§ **WHAT THE EXERCISE ASKS**
Among the entries that follow, the required portion opens with the line containing "8月份國內聚丙烯計劃裝置檢修匯總" and closes with the line containing "Bộ Tư lệnh Vùng". Give that portion again exactly, and nothing else.

§ **RECORDS PROVIDED**

>>>>>

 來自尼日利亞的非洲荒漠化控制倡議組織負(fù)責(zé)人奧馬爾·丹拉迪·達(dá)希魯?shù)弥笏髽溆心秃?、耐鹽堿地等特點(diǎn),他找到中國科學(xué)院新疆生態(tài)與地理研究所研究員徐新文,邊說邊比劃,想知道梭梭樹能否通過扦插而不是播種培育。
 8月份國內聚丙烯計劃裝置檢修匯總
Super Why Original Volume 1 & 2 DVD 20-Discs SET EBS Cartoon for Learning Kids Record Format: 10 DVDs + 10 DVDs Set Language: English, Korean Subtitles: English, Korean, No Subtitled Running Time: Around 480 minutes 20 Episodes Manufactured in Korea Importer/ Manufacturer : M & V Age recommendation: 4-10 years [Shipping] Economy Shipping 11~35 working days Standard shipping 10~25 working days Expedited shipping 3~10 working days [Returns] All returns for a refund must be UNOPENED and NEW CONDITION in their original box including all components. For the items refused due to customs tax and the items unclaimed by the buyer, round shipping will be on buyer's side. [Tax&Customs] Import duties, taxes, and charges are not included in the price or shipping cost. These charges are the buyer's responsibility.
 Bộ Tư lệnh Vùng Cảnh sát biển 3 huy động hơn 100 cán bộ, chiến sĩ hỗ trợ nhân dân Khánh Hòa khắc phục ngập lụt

<<<<<
>>>>>

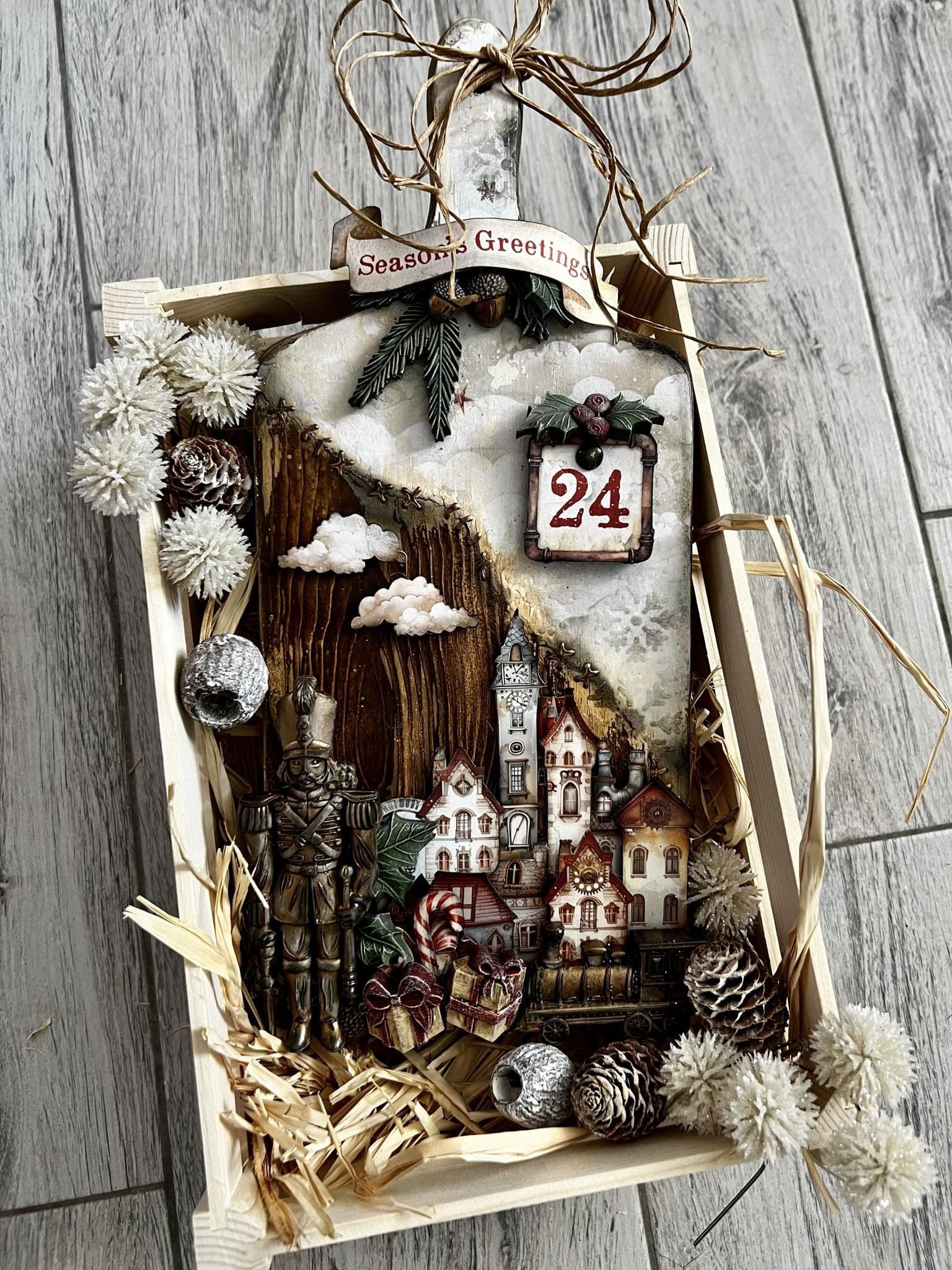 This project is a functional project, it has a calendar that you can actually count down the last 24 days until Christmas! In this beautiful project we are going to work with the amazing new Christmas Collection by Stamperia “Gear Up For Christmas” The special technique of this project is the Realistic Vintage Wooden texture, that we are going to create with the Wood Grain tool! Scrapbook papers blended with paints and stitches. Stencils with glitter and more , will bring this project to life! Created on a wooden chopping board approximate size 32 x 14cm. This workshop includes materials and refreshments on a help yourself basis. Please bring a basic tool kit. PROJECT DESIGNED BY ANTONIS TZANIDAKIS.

<<<<<
>>>>>

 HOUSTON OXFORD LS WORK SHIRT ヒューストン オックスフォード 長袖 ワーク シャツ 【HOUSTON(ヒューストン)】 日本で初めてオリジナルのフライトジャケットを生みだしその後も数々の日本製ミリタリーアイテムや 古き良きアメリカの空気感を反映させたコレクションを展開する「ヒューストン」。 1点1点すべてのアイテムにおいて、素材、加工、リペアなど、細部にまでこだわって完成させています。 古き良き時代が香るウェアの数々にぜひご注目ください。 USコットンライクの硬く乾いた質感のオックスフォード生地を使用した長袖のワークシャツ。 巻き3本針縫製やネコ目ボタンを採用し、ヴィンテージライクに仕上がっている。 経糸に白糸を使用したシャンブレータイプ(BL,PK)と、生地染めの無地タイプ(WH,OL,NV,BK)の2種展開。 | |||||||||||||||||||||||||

<<<<<

§ **OUTPUT**
 8月份國內聚丙烯計劃裝置檢修匯總
Super Why Original Volume 1 & 2 DVD 20-Discs SET EBS Cartoon for Learning Kids Record Format: 10 DVDs + 10 DVDs Set Language: English, Korean Subtitles: English, Korean, No Subtitled Running Time: Around 480 minutes 20 Episodes Manufactured in Korea Importer/ Manufacturer : M & V Age recommendation: 4-10 years [Shipping] Economy Shipping 11~35 working days Standard shipping 10~25 working days Expedited shipping 3~10 working days [Returns] All returns for a refund must be UNOPENED and NEW CONDITION in their original box including all components. For the items refused due to customs tax and the items unclaimed by the buyer, round shipping will be on buyer's side. [Tax&Customs] Import duties, taxes, and charges are not included in the price or shipping cost. These charges are the buyer's responsibility.
 Bộ Tư lệnh Vùng Cảnh sát biển 3 huy động hơn 100 cán bộ, chiến sĩ hỗ trợ nhân dân Khánh Hòa khắc phục ngập lụt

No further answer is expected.